It sounds like you are doing the right thing but this is what we did. First, let me tell you that we have done A LOT of training with him. Our trainer felt that Toby was feeding off my anxiety and that he would be more relaxed if I acted relaxed and also was in charge. To be in charge, I hand fed him for about two months. This means instead of, here's your bowl of breakfast (and supper) now if your good you get a treat, it's work for your food. I would take his breakfast along on a walk and reward him for walking well on leash, sitting at the corner and being near another dog without freaking. This made a huge difference. We also did the desensitization training with the professional trainer (where he is introduced to other dogs at his comfort distance and rewarded for getting closer without freaking). Once he was doing better, he was ready for daycare and that also caused a huge improvement.
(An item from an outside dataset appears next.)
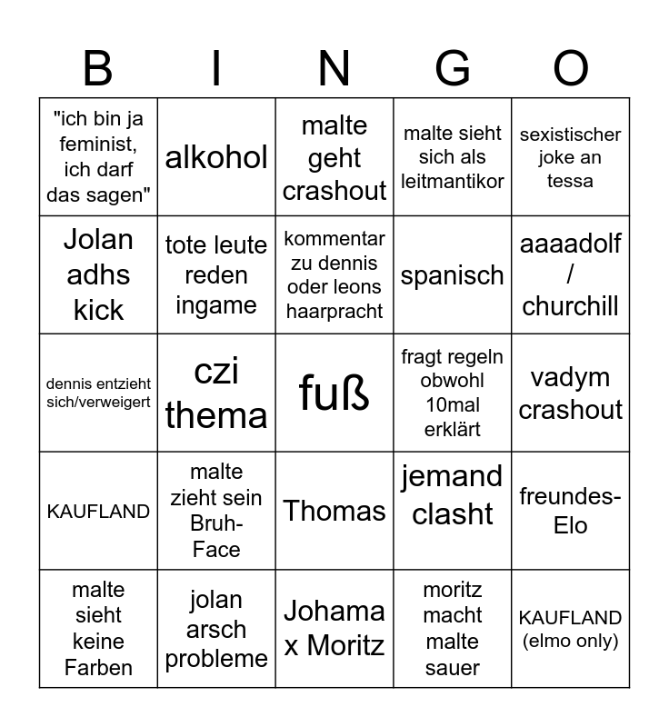 This bingo card has a free space and 24 words: malte sieht keine Farben, malte zieht sein Bruh-Face, kommentar zu dennis oder leons haarpracht, moritz macht malte sauer, sexistischer joke an tessa, "ich bin ja feminist, ich darf das sagen", alkohol, malte geht crashout, fragt regeln obwohl 10mal erklärt, vadym crashout, dennis entzieht sich/verweigert, tote leute reden ingame, jemand clasht, freundes-Elo, Jolan adhs kick, jolan arsch probleme, Johama x Moritz, malte sieht sich als leitmantikor, aaaadolf / churchill, KAUFLAND, czi thema, Thomas, spanisch and KAUFLAND (elmo only).

One thing I would suggest is to figure out his comfort distance. Take him to a dog park and see how far he can be from the other dogs while remaining calm. Start at this distance and just reward him for doing nothing at that distance. If you want, you can reward him for sitting or lying down or some other action. Clicker training works best here if you are familiar with it. Next, you need to move VERY GRADUALLY closer. Praise and reward. Don't move too quickly or you will set the whole thing back. It would be great if you could get him into a class where he could practise being near other dogs. You might even ask to take him there and just have him hang around at a safe distance and again, only gradually get closer. The key is not to hurry this and also not to use punishment or stern corrections. When we pass another dog I always talk happy talk to Toby and click and treat several times. This means he associates other dog with good things from me. It is important that you have a good recall with your dog and teach him good leash manners (hard with a puppy). If you have trouble controlling him on the leash, I would suggest the sense-ation harness (the one with the chest ring). It is more comfortable for the dog than a gentle leader or halti and gives you much more control on the leash.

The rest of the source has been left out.